Course Title: Biomedical Signal Analysis

Part A: Course Overview

Course Title: Biomedical Signal Analysis

Credit Points: 12.00


Course Code




Learning Mode

Teaching Period(s)


City Campus


125H Electrical & Computer Engineering


Sem 2 2006,
Sem 2 2007,
Sem 2 2009,
Sem 2 2011,
Sem 2 2015,
Sem 2 2016


Bundoora Campus


172H School of Engineering


Sem 2 2017

Course Coordinator: Dr Dean Cvetkovic

Course Coordinator Phone: +61 3 9925 9641

Course Coordinator Email:

Course Coordinator Location: 203.3.36

Pre-requisite Courses and Assumed Knowledge and Capabilities

You should have successfully completed the course EEET2369 Signals and Systems, an equivalent course, or provide evidence of equivalent capabilities.

Course Description

In this course you will be encouraged to apply your knowledge of digital signal processing in the analysis of biomedical signals or biosignals. You will learn about the: analog-to-digital conversion, sampling, windowing, filtering, spectral analysis, wavelet, time-frequency and classification. You will also learn how to calculate, simulate and analyse various biosignals measured from the human body. The theory of this biomedical signal analysis will be explained during the interactive lectures and tutorial sessions. There will be opportunities for you to apply this knowledge in practical laboratory exercises and group mini-projects and to engage in one-on-one and group discussions.
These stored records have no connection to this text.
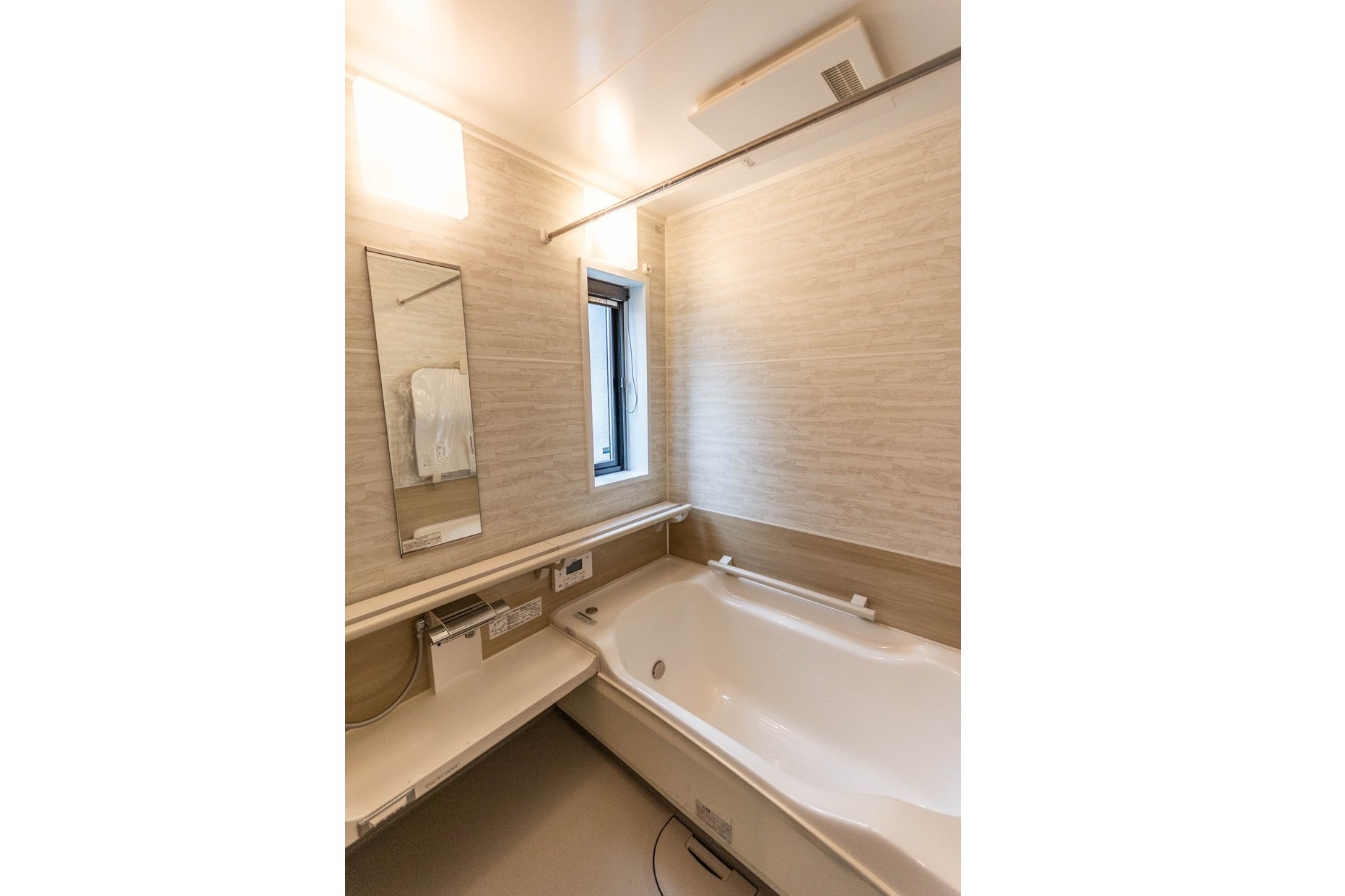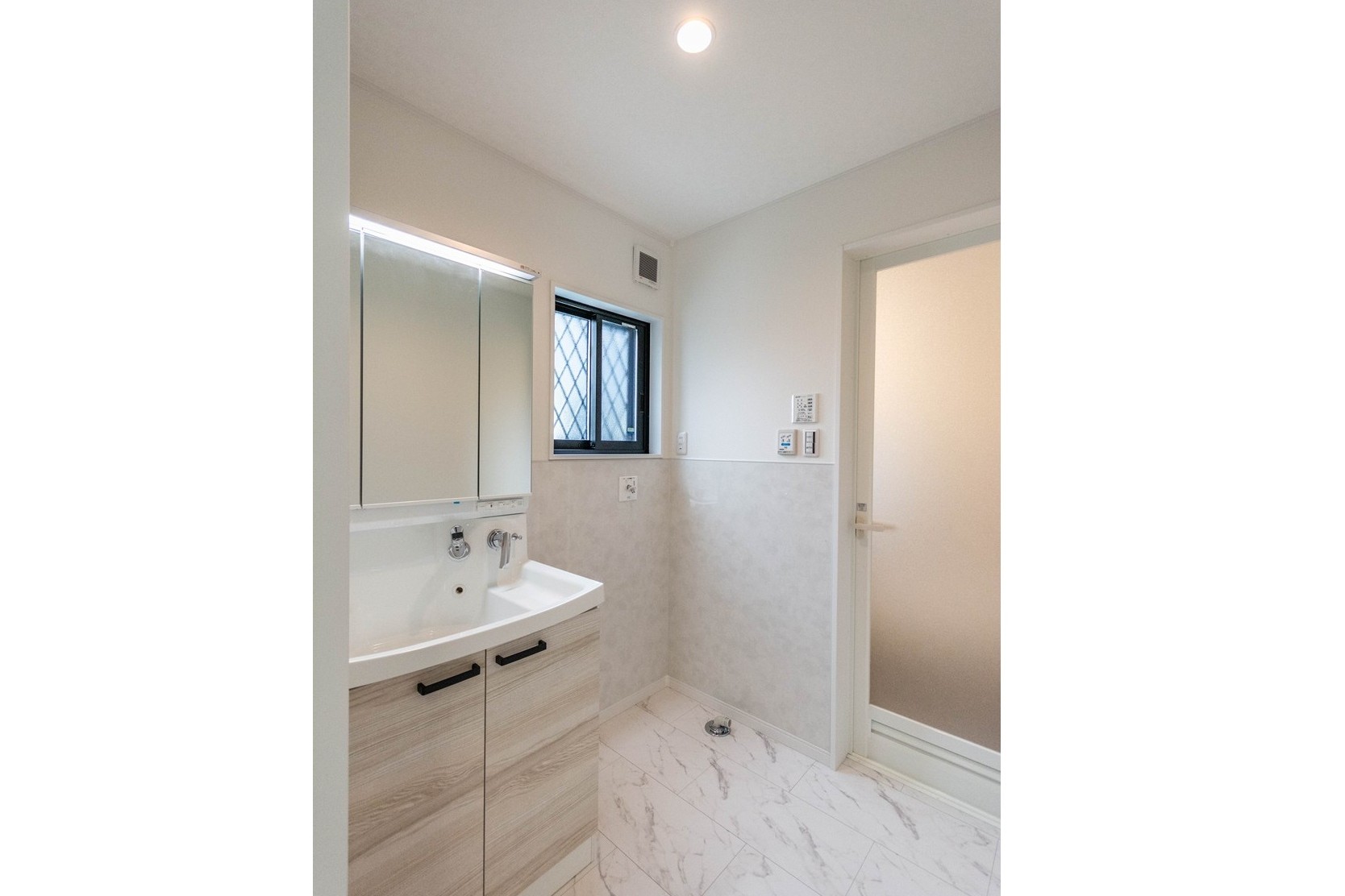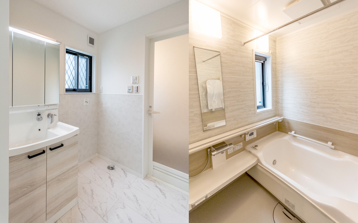 【洗面所&浴室】浴室は換気、乾燥、暖房機能付き。断熱性能が高く、浴室内の温度低下を最小限に抑えるため、いつでも暖かく入浴することができます。鏡裏に収納がある洗面化粧台付きです。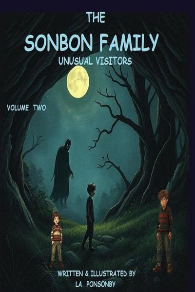 THREE MONTHS AFTER THE ATTACK ON THE SONBON FAMILY, BY THE EVIL TRESPASSER ... AND STILL THEY HAVEN'T FOUND THE CREATURE WHO DID IT, SO THE SONBON FAMILY ARE VERY EDGY AND WORRIED. HOWEVER, THEIR PETS AREN'T INTERESTED IN THAT, ... AS PIUS CONTINUES TORMENTING GREMLI, WANTING TO BE BOSS AND CAUSING ANIMAL DRAMAS CONSTANTLY; BUT IN THE CONFUSION OF A CAT AND DOG FIGHT, SARGETH STUMBLES ACROSS A CLUE AND A HIDDEN CAVE! THE THREE BOYS HOWEVER, KNOW SOMEONE OR SOMETHING IS LURKING DOWN THE BACK OF THEIR PROPERTY AND THEREFORE THEY LAY THREE TRAPS, TO SUS OUT WHO OR WHAT IT IS; THAT'S SECRETLY WANDERING ABOUT IN THE DARKER DEPTHS OF THEIR ACREAGE, ... IS IT A FRIEND OR A DREADFUL FOE? BUT WHAT A HUGE SURPRISE THEY GET, WHILE THEY LAY IN WAIT! THEN TINC'S 18TH BIRTHDAY PARTY PROVES TO BE A BIG HIT, WITH MICCA'S CRAZY FIRE CRACKERS AND ESPECIALLY WITH A VISIT FROM THE INFAMOUS AUNTIE BRIDGET AND HER VERY SPECIAL PRESENT, WHICH IS INTRIGUING AND IS ALSO JUST THE BEGINNING OF THE MYSTERIOUS JOURNEY THAT THEY ARE ALL DRAWN INTO. THE DOOR OF MYSTERY BEGINS TO OPEN WHEN AUNTIE BRIDGET TELLS TINC ABOUT THE TEN MISSING SONBON FAMILY MEMBERS, THAT HAVE DISAPPEARED ON THE THEIR PROPERTY, OVER THE SPAN OF TEN GENERATIONS, ... WHAT HAS HAPPENED TO THEM? ... WHAT IS GOING ON? EVEN SO, WITH HEARING THIS WORRYING NEWS, THERE ARE STILL PLENTY OF LAUGHS IN THIS INTRIGUING TALE, ALSO, ... ADD IN TO THE MIX, A LATE NIGHT GAME OF CRICKET AND WITH A BIG FAMILY, THERE IS ALWAYS SURE TO BE A LOT OF ACTION! HOWEVER, IN THE DARK EARLY HOURS OF THE NEXT MORNING, PIUS ALERTS THE BOYS TO A DREADED FOE, WHO'S RETURNED, ... DOWN OVER BANK!!! A BIG FIGHT FOLLOWS AND THE DREADED NAPI IS A VERY STRONG CREATURE TO BATTLE, SO WILL THEY REALLY LOSE MICCA THIS TIME; WILL HE BE KIDNAPPED, OR WILL A SMALL, LUMINOUS, SUPER-POWERED FRIEND ASSIST THEM ONCE AGAIN! NEVERTHELESS, ... IT IS MOST INCREDIBLY STRANGE, THAT THE UNUSUAL HAPPENINGS THAT CONTINUE TO OCCUR; TO THE SONBON CLAN, OVER THE SPAN OF MANY GENERATIONS ... (WHETHER THE OCCURANCES PROVE TO BE ENCHANTED OR EVIL); WELL ... THERE JUST DOESN'T SEEM TO BE ANY ANSWERS, AS TO WHY THIS PARTICULAR FAMILY ARE BEING TARGETED, ... FOR HUNDREDS OF YEARS? THE BIG MYSTERY IS, ... THAT MANY OF THE DRAMAS THAT HAVE HAPPENED TO THIS INTRIGUING FAMILY, ... (ESPECIALLY INCLUDING THE TEN MISSING SONBON FAMILY MEMBERS FROM TEN GENERATIONS), ... WELL ASTONISHING IT IS, ... THAT THEY NOT ONLY VANISHED, ... NEVER TO BE SEEN AGAIN, ... BUT ALL OF THEM, WENT MISSING, 'DOWN OVER THE BANK!!!'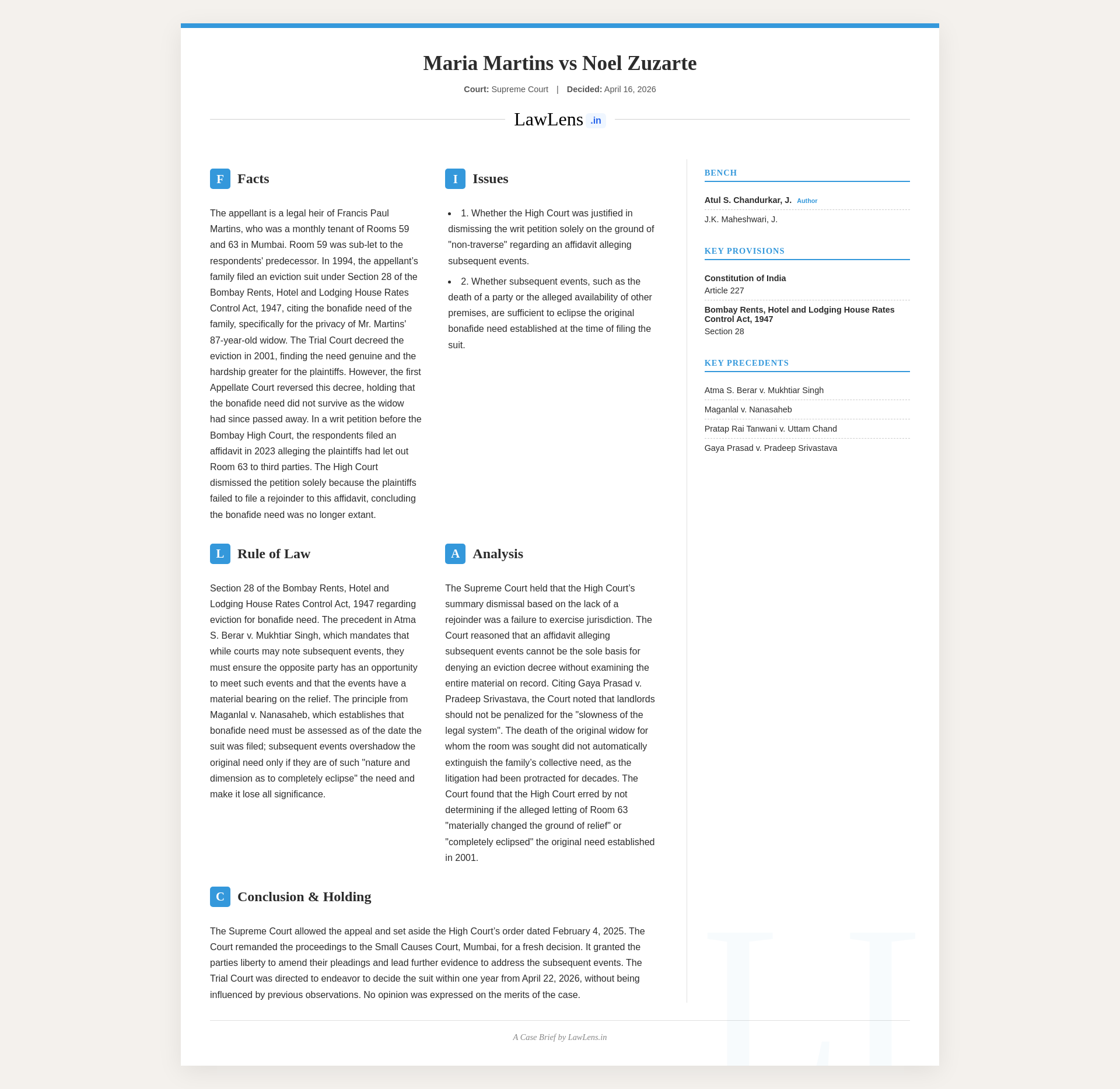 Maria Martins v. Noel Zuzarte 2026 INSC 376 - Tenancy - Bonafide Need - Subsequent Events
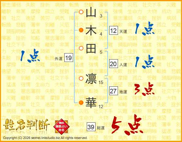 山木田凛華さんの総運は39画の5点!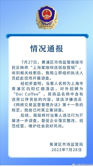 ·上海黃浦通報(bào)“咖啡店低俗營(yíng)銷”:違背公序良俗,已立案調(diào)查。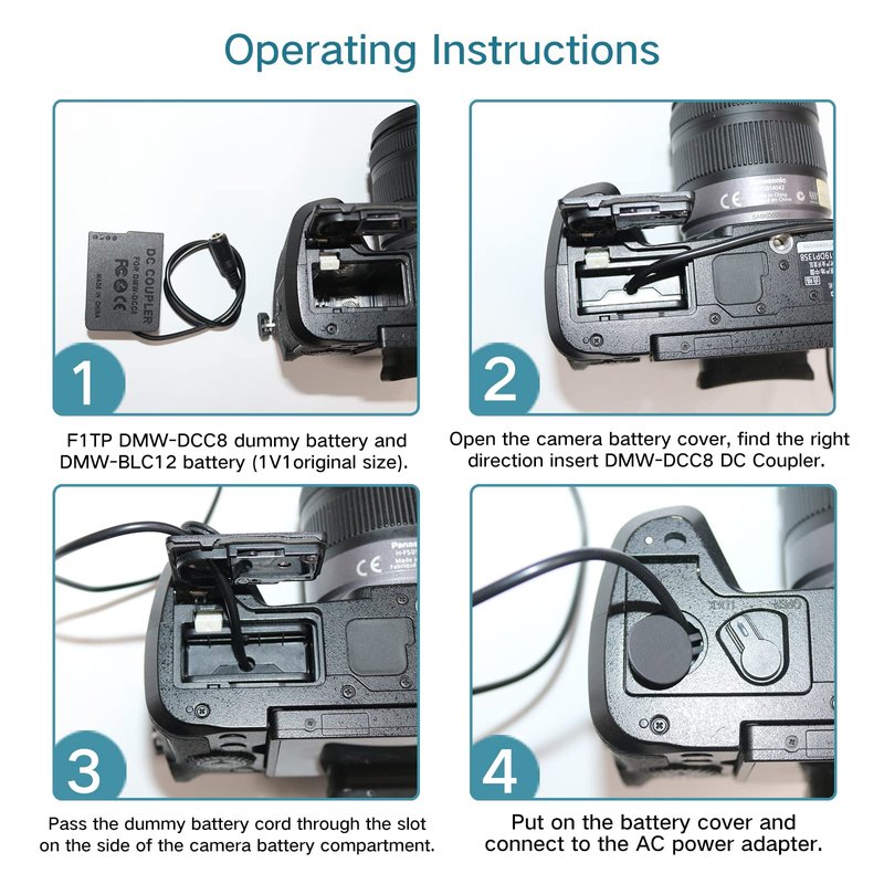 - 2.【Function】 DMW-DCC8 Dummy Battery Kit Replacement Panasonic DMW-BLC12 battery, to solve the trouble of frequent battery replacement, to continuous power for the camera, to meet long-term shooting of pictures and vlog videos.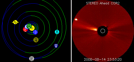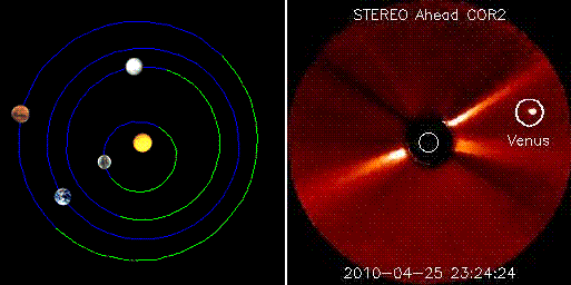 This is similar to a bright object discovered in the archives for the period around August 15, 2008, moving left to right in the COR2 images, and both these times coincide with when Venus would be expected to be on the opposite side of the Sun in line of view of the COR2 cameras.

Objectives/Learning Outcomes/Capability Development

This course contributes to the following Program Learning Outcomes of the Bachelor of Engineering (Honours):

1.1 Comprehensive, theory based understanding of the underpinning natural and physical sciences and the engineering fundamentals applicable to the engineering discipline.

1.2 In-depth understanding of specialist bodies of knowledge within the engineering discipline.

1.3 Discernment of knowledge development and research directions within the engineering discipline.

2.1 Application of established engineering methods to complex engineering problem solving.

2.2 Fluent application of engineering techniques, tools and resources.

3.2 Effective oral and written communication in professional and lay domains.

3.6 Effective team membership and team leadership.


On completion of this course you should be able to:

  1. Analyse bioelectric signals and measurements using analog-to-digital conversion, sampling and windowing;
  2. Apply cross-correlation and covariance biosignal processing techniques in the analysis of recorded electroencephalographic and electrocardiographic biosignals;
  3. Manage digital filtering, noise reduction, classical and modern spectral analysis, wavelet and time-frequency;
  4. Apply digital filtering and classical spectral analysis to evaluate the electroencephalographic biosignals and the heart rate variability;
  5. Apply modern spectral analysis, wavelet and time-frequency analysis to evaluate the electroencephalographic biosignals;
  6. Apply a range of classification techniques;


Overview of Learning Activities

The learning activities in this course include:

Lectures, Tutorials and Laboratory work:

  • The lectures are designed for you to understand the concepts of modern biomedical engineering signal processing and analysis.
  • The tutorials and laboratory work is designed to give you a hands-on experience of the Matlab signal processing tools available. These have been specifically designed to help you understand the theory and applications without the mathematical rigours associated with the tools.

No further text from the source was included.